The composition of the glass is not particularly limited as long as it has a melting temperature or a decomposition temperature higher than the melting point of the metal and / or alloy, and is appropriately selected according to the desired performance, application, and the like. can do. For example, SiO ₂ —PbO—B ₂ O ₃ , B ₂ O ₃ —ZnO—P
Examples thereof include SiO ₂ -based oxide glass such as bO and B ₂ O ₃ -based oxide glass.

Although the average particle size of the glass powder is not particularly limited, it is usually preferably 0.1 to 100 μm.

[0011]

The present invention will be specifically described below with reference to examples.

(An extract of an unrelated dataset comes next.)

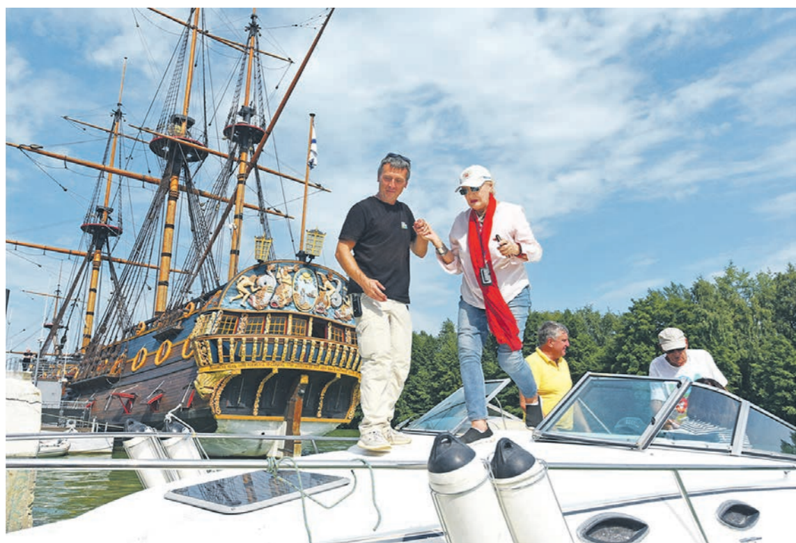
Светлана Дружинина впервые увидела «Гото Предестинация» несколько лет назад и сразу решила, что снимет корабль в одной из своих картин

Светлана Дружинина родилась 16 декабря 1935 года (85 лет). Советская и российская актриса, кинорежиссёр, сценарист, народная артистка РФ. На заре своей карьеры Светлана Сергеевна снялась в таких фильмах, как «Дело было в Пенькове» и «Девчата». В 70-х годах Дружинина становится режиссёром. Среди её работ картины «Сватовство гусара», «Принцесса цирка» и, конечно, всенародно любимые «Гардемарины».

Example 1 SiO ₂ —PbO—B ₂ O ₃ based glass powder (average particle size 1
(0 μm) and 30% by weight of Bi metal (average particle diameter: 10 μm) dispersed and contained in the composite material.
The mixed powder was pressed into a predetermined shape at a pressure of 1000 kg / cm ² to obtain a glass composite molded body. Next, this was heated in air at 450 ° C. for about 10 minutes. An Ag electrode was formed on the composite thus obtained to obtain a PTC element. The room temperature resistivity of this PTC element is 0.78 Ωcm.
And showed PTCR characteristics from around 270 ° C., which is the melting point of the metal.

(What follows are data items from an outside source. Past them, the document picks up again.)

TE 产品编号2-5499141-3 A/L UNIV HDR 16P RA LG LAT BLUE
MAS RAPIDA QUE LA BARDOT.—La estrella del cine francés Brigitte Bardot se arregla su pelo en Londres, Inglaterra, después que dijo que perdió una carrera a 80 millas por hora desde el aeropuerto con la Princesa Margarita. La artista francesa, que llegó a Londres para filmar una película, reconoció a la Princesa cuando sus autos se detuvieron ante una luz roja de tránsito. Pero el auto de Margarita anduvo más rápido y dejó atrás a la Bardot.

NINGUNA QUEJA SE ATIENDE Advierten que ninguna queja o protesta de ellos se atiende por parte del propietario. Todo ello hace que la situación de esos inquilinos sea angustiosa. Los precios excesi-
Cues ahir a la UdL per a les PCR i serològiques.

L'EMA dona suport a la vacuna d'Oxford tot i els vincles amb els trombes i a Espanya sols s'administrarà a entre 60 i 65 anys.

FIG. 1 shows the temperature dependence of the resistance of a PTC element in which 30% by weight of Bi metal is mixed with SiO ₂ —PbO—B ₂ O ₃ glass powder. As is clear from the figure,
The resistance rapidly increased from about 270 ° C., which is the melting point of Bi metal. At this time, the maximum resistance value was 10 ⁸ Ωcm, and the resistance change rate was a high value of 10 ⁸ or more. Further, no change in resistance due to the heat cycle was observed.

Example 2 B ₂ O ₃ —ZnO—PbO-based glass powder (average particle diameter 10
μm) was adjusted and mixed so that Bi metal (average particle diameter: 10 μm) was dispersed and contained in the composite material at 30% by weight. The mixed powder was pressed into a predetermined shape at a pressure of 1000 kg / cm ² to obtain a glass composite molded body. Then put this in the atmosphere,
Heating was performed at 400 ° C. for about 10 minutes. An Ag electrode was formed on the composite thus obtained to obtain a PTC element. The room temperature resistivity of this PTC element was 0.85 Ωcm, and PTCR characteristics were exhibited from around 270 ° C., which is the melting point of metal.

Example 3 B ₂ O ₃ —ZnO—PbO-based glass powder (average particle diameter 10
μm) to a Bi—Pb—Sn—Sb alloy (average particle size 10
μm) was adjusted and mixed so as to be dispersed and contained in the composite material at 30% by weight. The mixed powder was pressed into a predetermined shape at a pressure of 1000 kg / cm ² to obtain a glass composite molded body.
Next, this was heated in air at 400 ° C. for about 10 minutes. An Ag electrode was formed on the composite thus obtained to obtain a PTC element. The room temperature resistivity of this PTC element was 0.98 Ωcm, and PTCR characteristics were exhibited from around 100 ° C., which is the melting point of the alloy.

As described above, the present invention realizes a low resistance of about 10 ^-1 Ωcm in the PTC element, and can remarkably improve the resistance change width and the stability of characteristics.

[0017]

According to the present invention, a PTC thermistor material having a low resistance and a large resistance change width in a steady state is obtained by forming a composite structure in which a metal and / or an alloy whose volume is reduced by melting is dispersed in glass. Obtainable. As a result, an overcurrent protection element for a larger load can be put to practical use, and its use value is extremely high.

[Brief description of the drawings]

FIG. 1 is a diagram showing resistance-temperature characteristics.

Claims (2)

[Claims] 1. A composite material characterized in that at least one kind of metal and / or alloy having an average particle diameter of 0.5 to 500 μm whose volume is reduced by melting in glass is dispersed in an amount of 10 to 90% by weight. 2. The method according to claim 1, wherein the glass is SiO ₂ -based oxide or B ₂
The composite material according to claim 1, comprising at least one kind of O ₃ -based oxide.